■ **WHAT TO WORK ON**:
Look through the entries below and extract exactly the lines from the one containing "这里有必要解释一下,上玉龙如" through the one containing "Vliestapete mit bunter", ends included.

BEGIN DATA FOR REVIEW

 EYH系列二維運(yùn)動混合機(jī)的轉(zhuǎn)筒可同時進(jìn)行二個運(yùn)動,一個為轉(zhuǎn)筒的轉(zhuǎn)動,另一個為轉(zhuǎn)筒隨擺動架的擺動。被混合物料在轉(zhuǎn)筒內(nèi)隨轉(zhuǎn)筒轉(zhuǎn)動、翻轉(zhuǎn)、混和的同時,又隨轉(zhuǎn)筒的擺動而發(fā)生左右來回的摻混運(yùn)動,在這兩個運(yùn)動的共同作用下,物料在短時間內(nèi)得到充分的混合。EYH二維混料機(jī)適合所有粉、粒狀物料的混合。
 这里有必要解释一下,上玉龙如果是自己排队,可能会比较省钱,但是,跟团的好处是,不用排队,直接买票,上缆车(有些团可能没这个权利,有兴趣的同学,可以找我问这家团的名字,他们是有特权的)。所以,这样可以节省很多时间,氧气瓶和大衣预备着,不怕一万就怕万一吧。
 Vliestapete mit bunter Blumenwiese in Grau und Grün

END DATA FOR REVIEW
BEGIN DATA FOR REVIEW

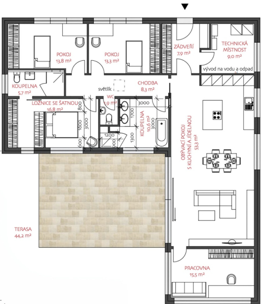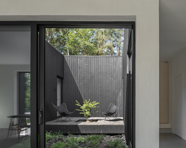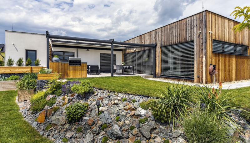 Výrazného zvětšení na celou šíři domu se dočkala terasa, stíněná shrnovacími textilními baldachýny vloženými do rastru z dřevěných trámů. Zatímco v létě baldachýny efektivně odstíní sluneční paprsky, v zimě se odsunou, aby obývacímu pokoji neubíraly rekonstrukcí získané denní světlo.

END DATA FOR REVIEW
BEGIN DATA FOR REVIEW

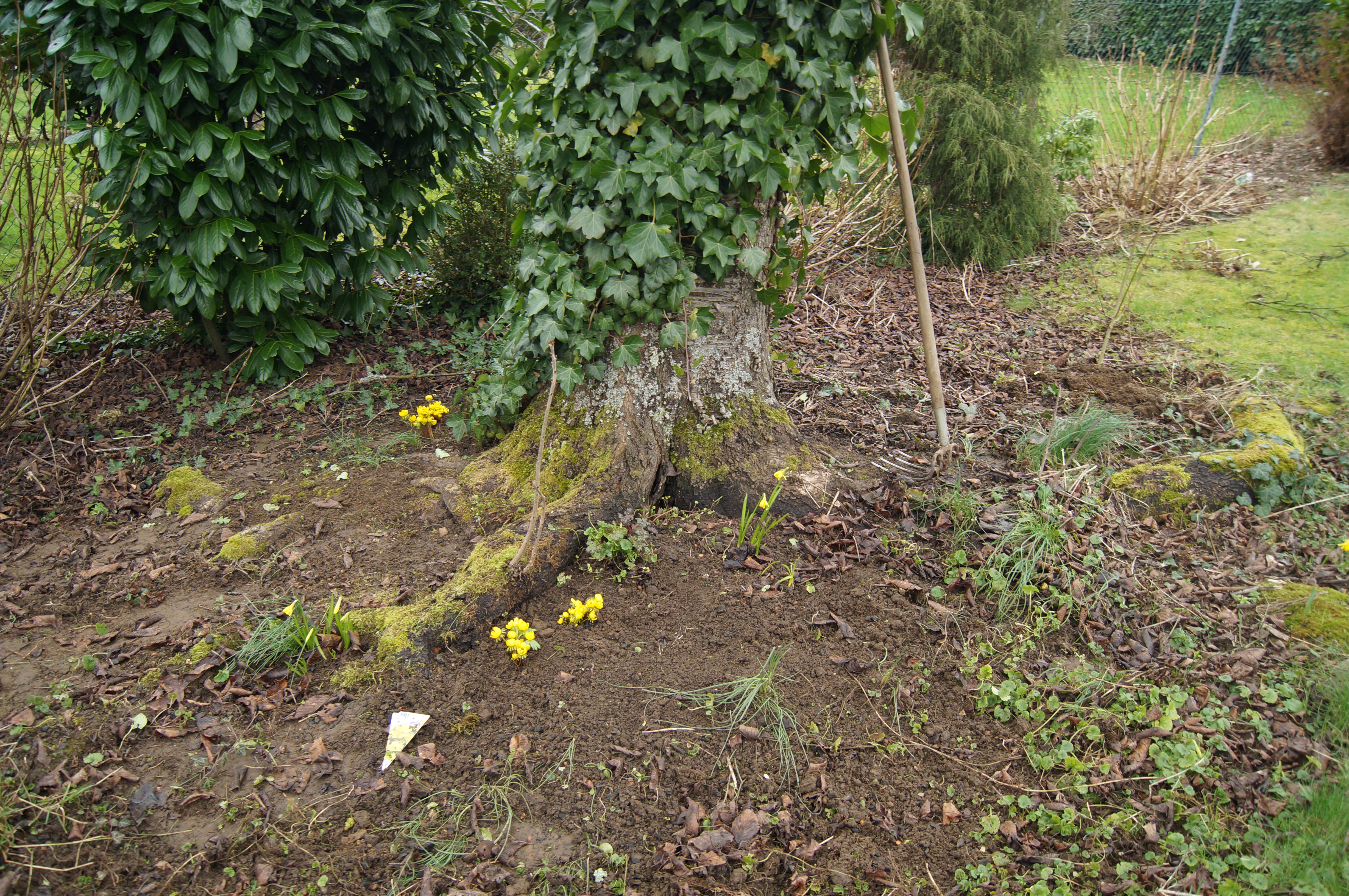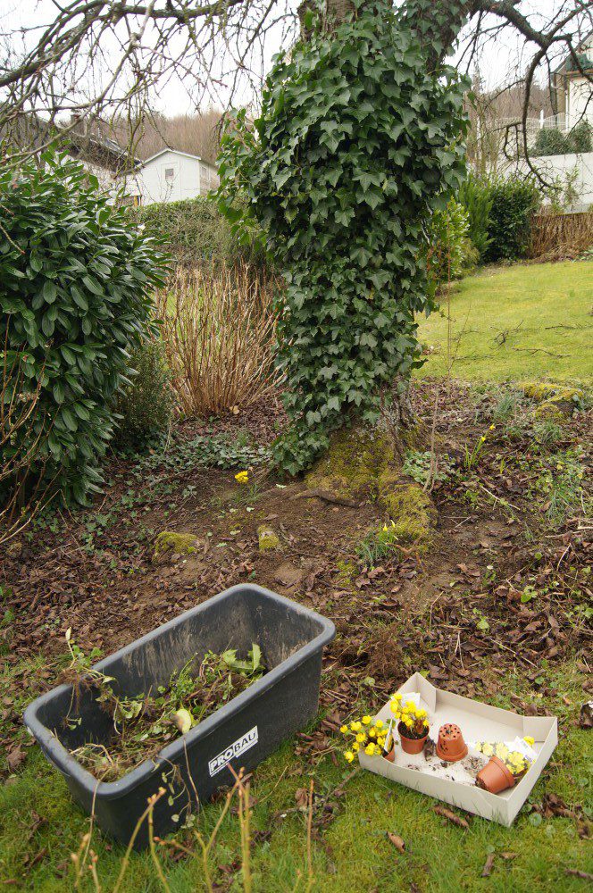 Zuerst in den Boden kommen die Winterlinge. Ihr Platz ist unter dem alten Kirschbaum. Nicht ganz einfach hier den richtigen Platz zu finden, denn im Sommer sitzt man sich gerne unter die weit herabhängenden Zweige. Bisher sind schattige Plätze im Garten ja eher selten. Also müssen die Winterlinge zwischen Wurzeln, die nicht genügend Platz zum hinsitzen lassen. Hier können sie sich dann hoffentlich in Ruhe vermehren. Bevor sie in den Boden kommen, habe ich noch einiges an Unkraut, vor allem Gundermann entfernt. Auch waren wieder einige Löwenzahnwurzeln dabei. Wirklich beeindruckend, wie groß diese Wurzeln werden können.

END DATA FOR REVIEW

■ **SOLUTION TO THIS PROBLEM**:
 这里有必要解释一下,上玉龙如果是自己排队,可能会比较省钱,但是,跟团的好处是,不用排队,直接买票,上缆车(有些团可能没这个权利,有兴趣的同学,可以找我问这家团的名字,他们是有特权的)。所以,这样可以节省很多时间,氧气瓶和大衣预备着,不怕一万就怕万一吧。
 Vliestapete mit bunter Blumenwiese in Grau und Grün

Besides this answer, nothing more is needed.